A Season to Hold Space

If there was ever a season that I felt more bipolar… it is the holiday season.

I LOVE the holidays. LOVE. THEM. I lit a candle yesterday and I could taste Christmas. We’ve got a long to-do list of Thanksgiving preparations today and I cannot WAIT for tomorrow’s festivities. And within these moments of excitement, I sometimes find myself crying.

On Sunday, the pastor spoke about broken dreams. If I’m being honest, it took me a little bit to connect because I am literally knee-deep in following my DREAM right now.
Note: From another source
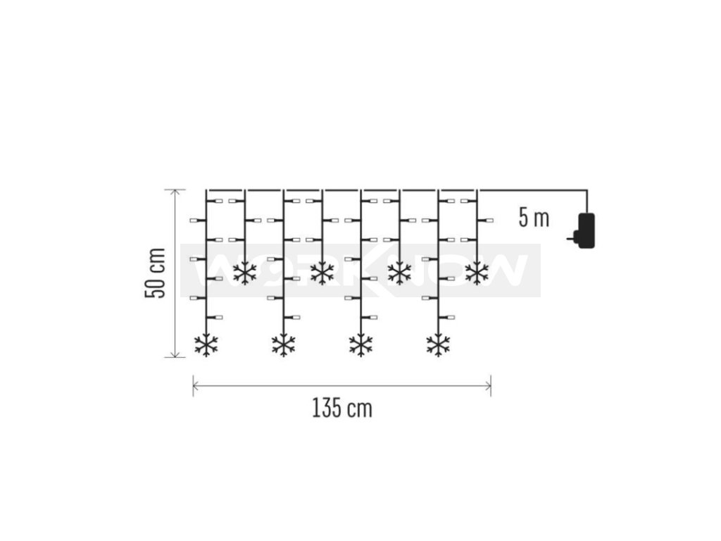 LED vánoční závěs – vločky, 135x50 cm, vnitřní, studená bílá

Then in conversation with a friend yesterday, she pointed out that my ideal holiday dream is broken, and it can’t be fixed.
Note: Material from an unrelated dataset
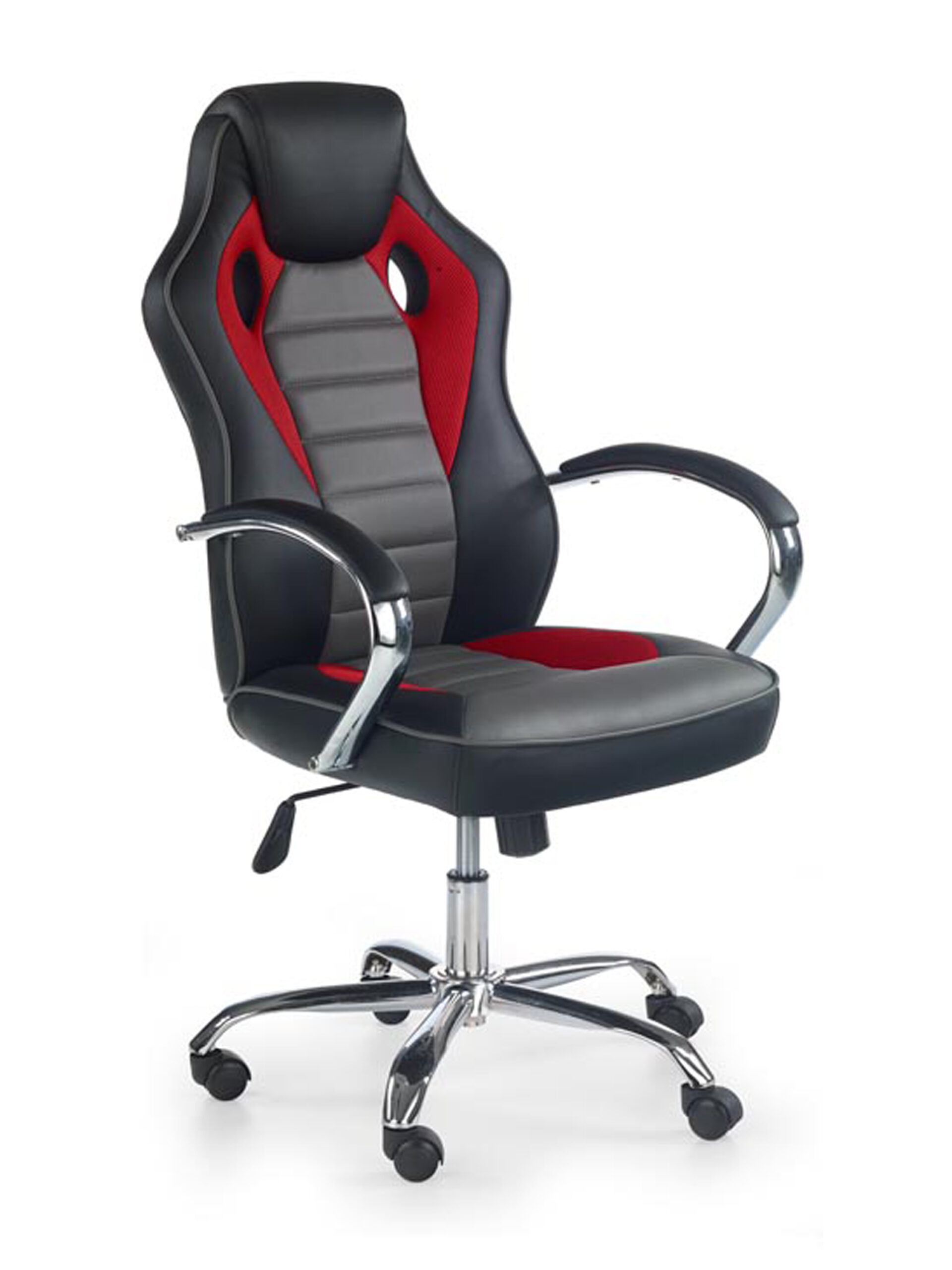 mechanizm TILT, wymiary: 61/48/109-119/43-53 cm, material: eco skóra, kolor: czarno-czerwono-popielaty

My ideal Thanksgiving… football late morning with friends and family (touch for the most part, but I am not opposed to tackling some of the younger people), and then family hanging out all day and us eating loads of delicious food. People napping on the couches and in the beds and then watching a Christmas movie.
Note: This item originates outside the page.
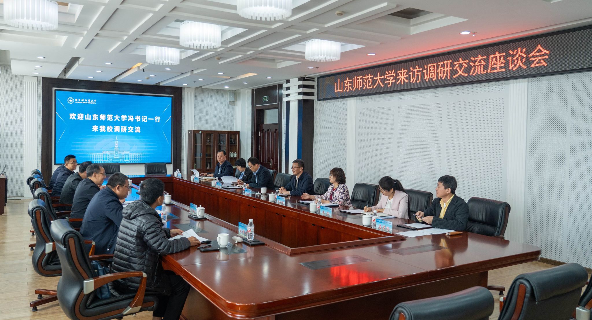 5月13日,山东师范大学党委书记冯继康一行到我校开展调研交流,校党委书记孙立军、校长蒋鲲等领导陪同调研。调研交流座谈会在行知楼915会议室举行,孙立军出席会议并致辞。党委办公室、科研处、马克思主义学院、化学化工学院、美术学院相关负责同志参加座谈会。座谈会由党委副书记李庆霞主持。座谈会上,孙立军代表学校对冯继康一行的到来表示热烈欢迎,并详细介绍了学校办学目标定位、“三步走”发展战略和“七位一体”...

I’ve never put words to it before. I want that so bad.

But… we’re a combined family, which means our kids have another set of parents to go see. That breaks up the day. Everyone is busy, so there goes the ‘hanging out all day’. Consensus was to skip football this year… a tradition we’ve been doing for over ten years. And my dad is dead and my father-in-law is dead and my uncle is dead and my brother doesn’t speak to me and my cousins probably won’t come and my aunt has to work. And on and on and on.

I really do look forward to the holidays. To be intentionally cliche, I feel like a kid on Christmas morning. I’m giving myself space to mourn the parts that hurt, the broken dream, the gut-pain of missing my dad, and also to celebrate everything else. It’s a weird space. It’s uncomfortable to be so happy and so sad at the same time.

I guess that’s life.

Hard and Easy. Comfort and Chaos. Beautiful and Broken.